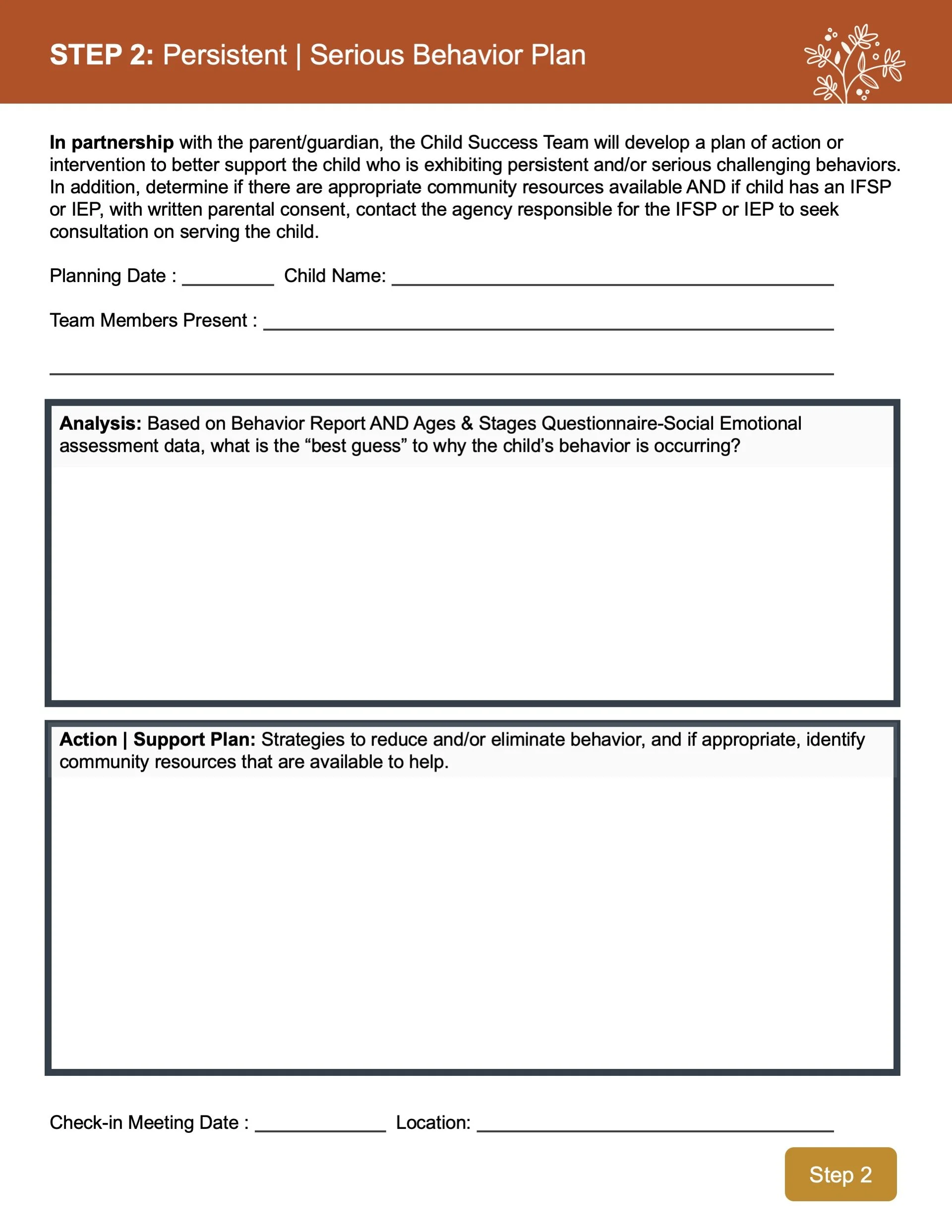 In partnership with the parent/guardian, the Child Success Team will develop a plan of action or intervention to better support the child who is exhibiting persistent and/or serious challenging behaviors, and ensure the safe participation of all children in the program.
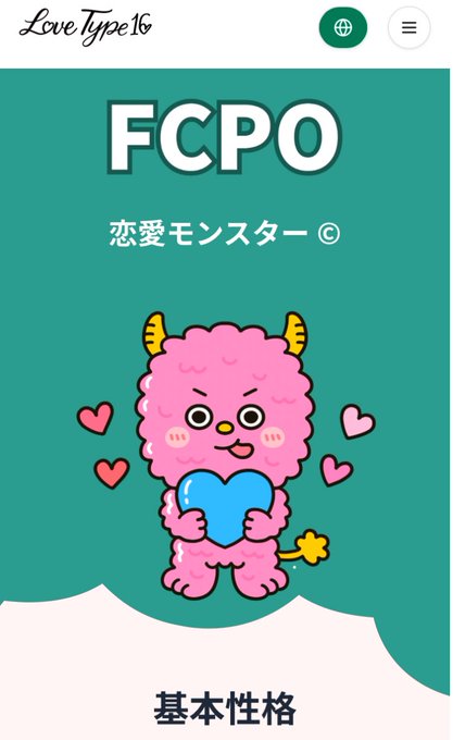 はるきP໒꒱AnDia@AnDiaHaruki·これめっちゃ合ってるかもw 私の恋愛タイプは FCPO です!あなたの恋愛スタイルもテストしてみませんか? https://lovetype16.com/result/FCPO197
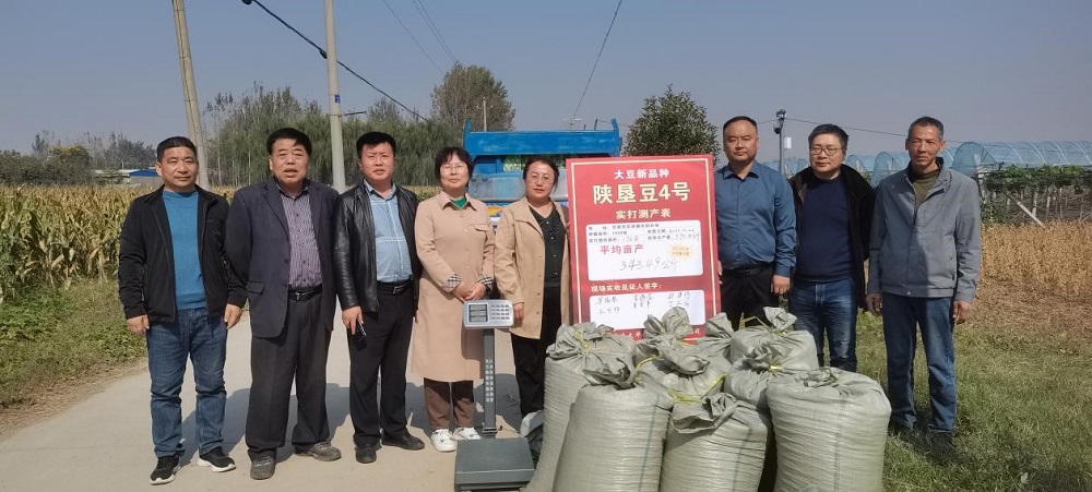 近日,由國家大豆產(chǎn)業(yè)技術(shù)體系延安綜合試驗站站長(cháng)、陜西省豆類(lèi)產(chǎn)業(yè)技術(shù)體系首席專(zhuān)家梁福琴以及陜西省大豆產(chǎn)業(yè)技術(shù)體系專(zhuān)家組成的專(zhuān)家組對陜西農墾大華種業(yè)有限責任公司(簡(jiǎn)稱(chēng)陜墾大華)自有大豆新品種“陜墾豆4號”免耕覆播種植示范田進(jìn)行現場(chǎng)實(shí)收測產(chǎn),畝產(chǎn)達到343.49公斤。
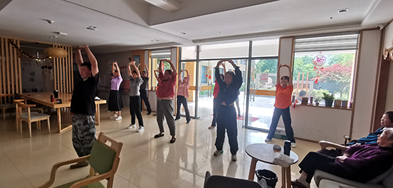 在清晨陽(yáng)光的照耀下,老人們?cè)缭绲貋?lái)到了學(xué)堂的空地上。山川鄉(xiāng)老年學(xué)校聘請(qǐng)的安吉縣太極協(xié)會(huì)副會(huì)長(zhǎng)盧偉民老師早已等候在那里。盧老師先為大家簡(jiǎn)單講解了太極的基礎(chǔ)知識(shí),并做了簡(jiǎn)單的演練。隨后,老人們?cè)诒R老師的帶領(lǐng)下,先開(kāi)始學(xué)習(xí)八段錦基礎(chǔ)動(dòng)作。他們的動(dòng)作雖然不夠優(yōu)美,卻個(gè)個(gè)全神貫注,在悠揚(yáng)舒緩的音樂(lè)聲中舒腰展臂,緩緩揮掌,人人精神抖擻。臨近中午,陽(yáng)光漸盛,大家又轉(zhuǎn)移到室內(nèi),學(xué)習(xí)興趣卻絲毫未減。山村老人愛(ài)學(xué)樂(lè)學(xué)、積極向上的精神風(fēng)貌得到了充分的展示。

_Task_
Working from the listing above, retype it exactly but include no images.

_Exercise output_
 In partnership with the parent/guardian, the Child Success Team will develop a plan of action or intervention to better support the child who is exhibiting persistent and/or serious challenging behaviors, and ensure the safe participation of all children in the program.
 はるきP໒꒱AnDia@AnDiaHaruki·これめっちゃ合ってるかもw 私の恋愛タイプは FCPO です!あなたの恋愛スタイルもテストしてみませんか? https://lovetype16.com/result/FCPO197
 近日,由國家大豆產(chǎn)業(yè)技術(shù)體系延安綜合試驗站站長(cháng)、陜西省豆類(lèi)產(chǎn)業(yè)技術(shù)體系首席專(zhuān)家梁福琴以及陜西省大豆產(chǎn)業(yè)技術(shù)體系專(zhuān)家組成的專(zhuān)家組對陜西農墾大華種業(yè)有限責任公司(簡(jiǎn)稱(chēng)陜墾大華)自有大豆新品種“陜墾豆4號”免耕覆播種植示范田進(jìn)行現場(chǎng)實(shí)收測產(chǎn),畝產(chǎn)達到343.49公斤。
 在清晨陽(yáng)光的照耀下,老人們?cè)缭绲貋?lái)到了學(xué)堂的空地上。山川鄉(xiāng)老年學(xué)校聘請(qǐng)的安吉縣太極協(xié)會(huì)副會(huì)長(zhǎng)盧偉民老師早已等候在那里。盧老師先為大家簡(jiǎn)單講解了太極的基礎(chǔ)知識(shí),并做了簡(jiǎn)單的演練。隨后,老人們?cè)诒R老師的帶領(lǐng)下,先開(kāi)始學(xué)習(xí)八段錦基礎(chǔ)動(dòng)作。他們的動(dòng)作雖然不夠優(yōu)美,卻個(gè)個(gè)全神貫注,在悠揚(yáng)舒緩的音樂(lè)聲中舒腰展臂,緩緩揮掌,人人精神抖擻。臨近中午,陽(yáng)光漸盛,大家又轉(zhuǎn)移到室內(nèi),學(xué)習(xí)興趣卻絲毫未減。山村老人愛(ài)學(xué)樂(lè)學(xué)、積極向上的精神風(fēng)貌得到了充分的展示。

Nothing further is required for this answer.